- The paper presents S-MADRL, which uses virtual pheromones for stigmergic communication to achieve decentralized coordination in high-density scenarios.
- It integrates curriculum learning to decompose complex tasks into simpler stages, enhancing training stability and scalability up to eight agents.
- Experimental results on a pellet excavation task show superior convergence and higher rewards compared to traditional MADRL methods.
Deep Reinforcement Learning for Multi-Agent Coordination
The paper "Deep Reinforcement Learning for Multi-Agent Coordination" (2510.03592) addresses the significant challenge of coordinating multiple robots within confined environments where congestion and interference are prevalent problems. This research introduces a Stigmergic Multi-Agent Deep Reinforcement Learning (S-MADRL) framework leveraging virtual pheromones and curriculum learning to enhance scalability and mitigate convergence issues prevalent in traditional multi-agent deep reinforcement learning (MADRL) systems.
Stigmergic Communication
The S-MADRL framework fundamentally relies on the concept of stigmergy, a mechanism inspired by social insects like ants that utilize environmental traces for communication. By adopting a virtual pheromone system, the proposed framework enables decentralized coordination without explicit message passing. Agents deposit virtual pheromones as they move, which decay over time, thereby encoding recent activity and occupancy data.

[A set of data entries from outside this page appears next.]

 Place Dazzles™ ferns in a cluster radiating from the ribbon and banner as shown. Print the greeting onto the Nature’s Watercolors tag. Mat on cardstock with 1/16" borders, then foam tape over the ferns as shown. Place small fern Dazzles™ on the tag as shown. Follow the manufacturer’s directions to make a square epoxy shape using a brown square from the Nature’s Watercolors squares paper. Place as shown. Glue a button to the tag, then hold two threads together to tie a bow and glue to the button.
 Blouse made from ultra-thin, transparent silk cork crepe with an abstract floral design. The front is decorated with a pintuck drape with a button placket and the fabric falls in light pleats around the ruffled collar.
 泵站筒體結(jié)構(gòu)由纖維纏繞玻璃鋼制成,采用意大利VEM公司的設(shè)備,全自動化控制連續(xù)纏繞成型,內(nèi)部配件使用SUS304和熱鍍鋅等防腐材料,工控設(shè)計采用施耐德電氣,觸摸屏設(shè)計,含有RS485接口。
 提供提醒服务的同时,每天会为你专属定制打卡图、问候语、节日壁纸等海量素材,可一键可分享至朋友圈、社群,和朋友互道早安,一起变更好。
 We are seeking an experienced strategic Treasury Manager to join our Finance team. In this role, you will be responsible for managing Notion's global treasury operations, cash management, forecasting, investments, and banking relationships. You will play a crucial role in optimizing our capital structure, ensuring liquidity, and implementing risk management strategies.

Figure 1: Proposed scalable decentralized MADRL framework with stigmergic communication. Each agent receives local observations and acts independently, allowing for scalability in large teams.
This indirect communication mechanism accomplishes a dual purpose: it mitigates the non-stationarity problem inherent in multi-agent environments and serves as a decentralized coordination tool, thereby reducing the complexity associated with explicit inter-agent communication. The framework's pheromone-based approach allows for the encoding of environmental memory, thereby facilitating efficient group performance even in high-density scenarios.

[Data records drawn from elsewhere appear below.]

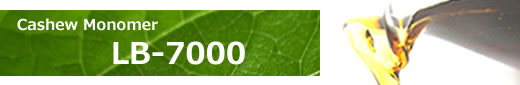 LB-7000は、CNSL(カシュー殻液)を蒸留精製して得られる単量体(モノマー)です。非食部の植物原料を出発物質としており、製品の植物成分率上昇が見込めます。フェノールと同等の反応性を有する、フェノール誘導体です。
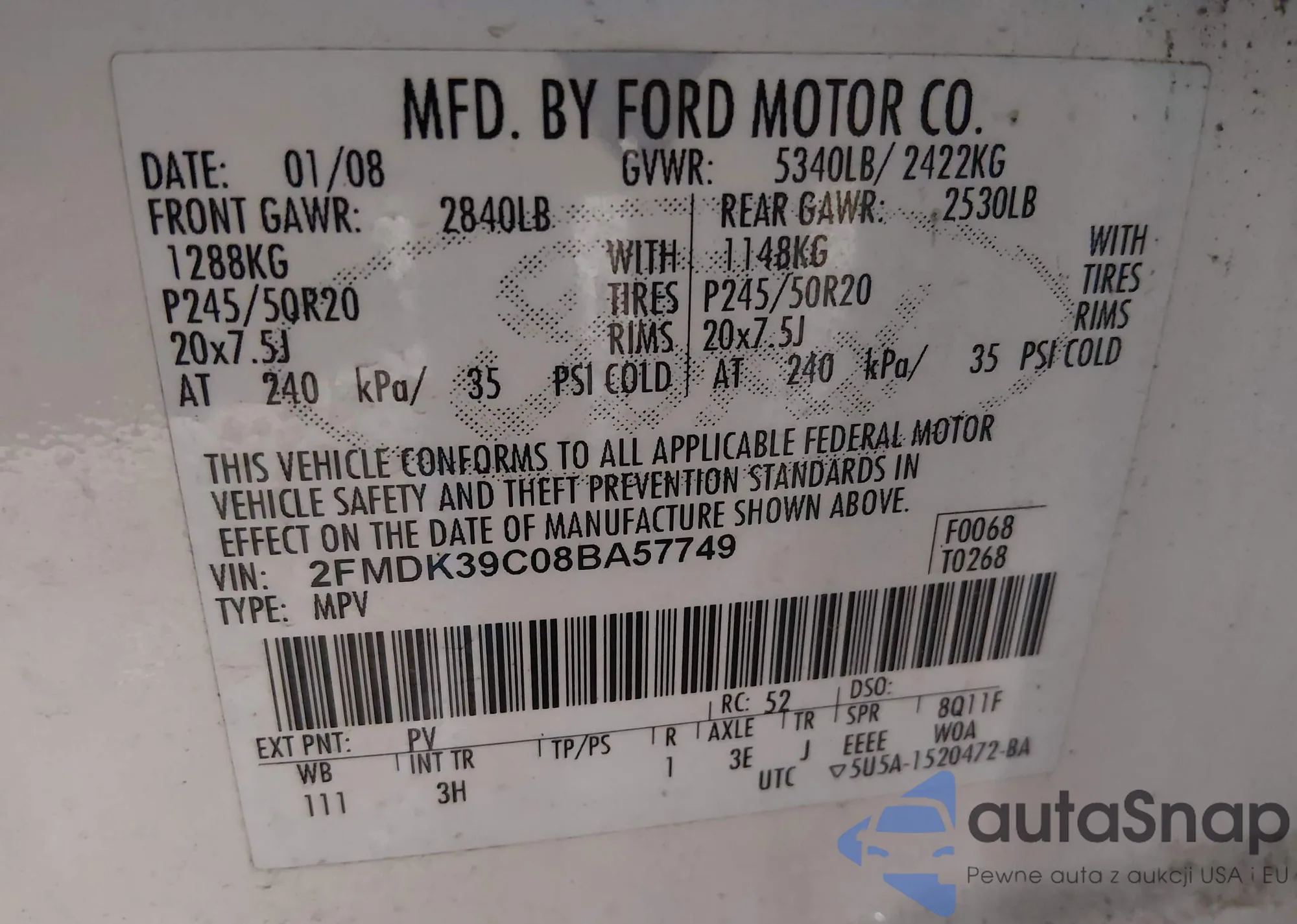 • VIN 2FMDK39C08BA57749
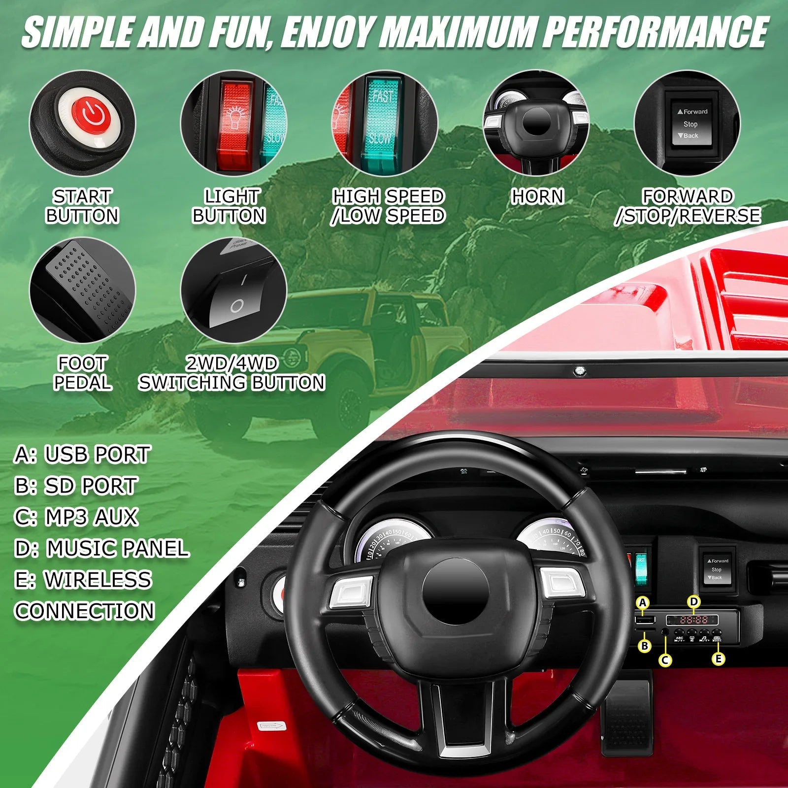 🎶🏎️【Stable and Funny Driving】This kids' ride-on toys come equipped with 4 stable spring suspension systems, providing your child with a smooth and comfortable ride. Equipped with Music player interfaces, your child can play their favorite music while driving.

Curriculum Learning Integration
To further enhance the learning process, the research integrates curriculum learning, which systematically decomposes complex tasks into simpler sub-tasks. This approach significantly improves training stability and scalability, allowing the system to scale up to eight agents successfully. The curriculum learning strategy initiates training with simpler configurations, progressively introducing more complexity, thus optimizing both convergence speed and asymptotic performance.
Experimental Results
The framework's effectiveness was validated through extensive simulations on a pellet excavation task modeled on the OpenAI Gym platform. The study compared several MADRL strategies—including Independent Q-Learning (IQL), IQL with Global Reward, and IQL with Global Reward and Stigmergy—highlighting the superior performance of the proposed S-MADRL approach.

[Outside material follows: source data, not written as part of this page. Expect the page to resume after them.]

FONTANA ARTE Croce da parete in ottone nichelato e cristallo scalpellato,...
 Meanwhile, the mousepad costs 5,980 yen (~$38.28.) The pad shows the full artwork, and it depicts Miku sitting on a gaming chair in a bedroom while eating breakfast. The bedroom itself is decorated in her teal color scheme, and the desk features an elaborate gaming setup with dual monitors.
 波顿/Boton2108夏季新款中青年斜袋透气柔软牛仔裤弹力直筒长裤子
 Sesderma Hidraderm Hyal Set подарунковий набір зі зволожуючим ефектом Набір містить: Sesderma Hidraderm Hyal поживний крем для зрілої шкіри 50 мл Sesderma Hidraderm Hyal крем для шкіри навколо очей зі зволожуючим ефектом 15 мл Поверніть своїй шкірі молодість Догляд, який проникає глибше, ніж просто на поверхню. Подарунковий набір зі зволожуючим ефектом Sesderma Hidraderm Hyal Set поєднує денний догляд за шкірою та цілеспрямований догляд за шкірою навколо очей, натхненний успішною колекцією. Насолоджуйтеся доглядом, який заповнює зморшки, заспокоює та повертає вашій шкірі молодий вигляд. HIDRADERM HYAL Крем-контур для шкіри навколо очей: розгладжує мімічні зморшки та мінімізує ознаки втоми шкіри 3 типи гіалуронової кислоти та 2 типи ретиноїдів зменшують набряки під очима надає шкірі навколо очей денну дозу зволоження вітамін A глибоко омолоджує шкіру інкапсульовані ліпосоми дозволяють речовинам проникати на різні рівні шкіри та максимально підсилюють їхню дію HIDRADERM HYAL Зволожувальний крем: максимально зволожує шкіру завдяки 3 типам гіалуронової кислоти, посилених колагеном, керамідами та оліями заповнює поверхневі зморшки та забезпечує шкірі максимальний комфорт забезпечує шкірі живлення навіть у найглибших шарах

Figure 2: Learning curve comparison showing enhanced convergence and higher rewards achieved by the S-MADRL framework in environments crowded with five agents.
As Figure 2 illustrates, baseline techniques struggle to maintain convergence beyond three agents due to state-action space complexity. In contrast, the S-MADRL framework not only enhances convergence but also achieves high reward levels even in scenarios involving up to eight agents, thereby corroborating its scalability and robustness.
Discussion
The research addresses critical challenges in multi-agent coordination by leveraging bio-inspired stigmergy and curriculum learning. By providing a scalable decentralized approach, the S-MADRL framework circumvents the dimensionality issues and communication overhead common in MADRL algorithms. Moreover, the simulation studies reveal the emergence of biologically inspired strategies such as asymmetric workload distributions, reminiscent of natural systems where selective agent idleness and unequal participation mitigate congestion and enhance efficiency.

Figure 3: Lorenz curve illustrating unequal workload distribution as an emergent strategy from stigmergy and curriculum learning, enhancing excavation efficiency.
Conclusion
This work significantly advances the capabilities of multi-agent systems by presenting a scalable and decentralized approach that combines stigmergic communication and curriculum learning. The S-MADRL framework achieves robust coordination even in crowded environments, demonstrating superior scalability compared to traditional techniques. Future research directions could explore the extension of the S-MADRL framework to heterogeneous agents and refine curriculum learning strategies to accommodate even larger teams or more dynamic environmental conditions, further expanding the practical applicability of this approach in real-world robotic swarm and collective behavior domains.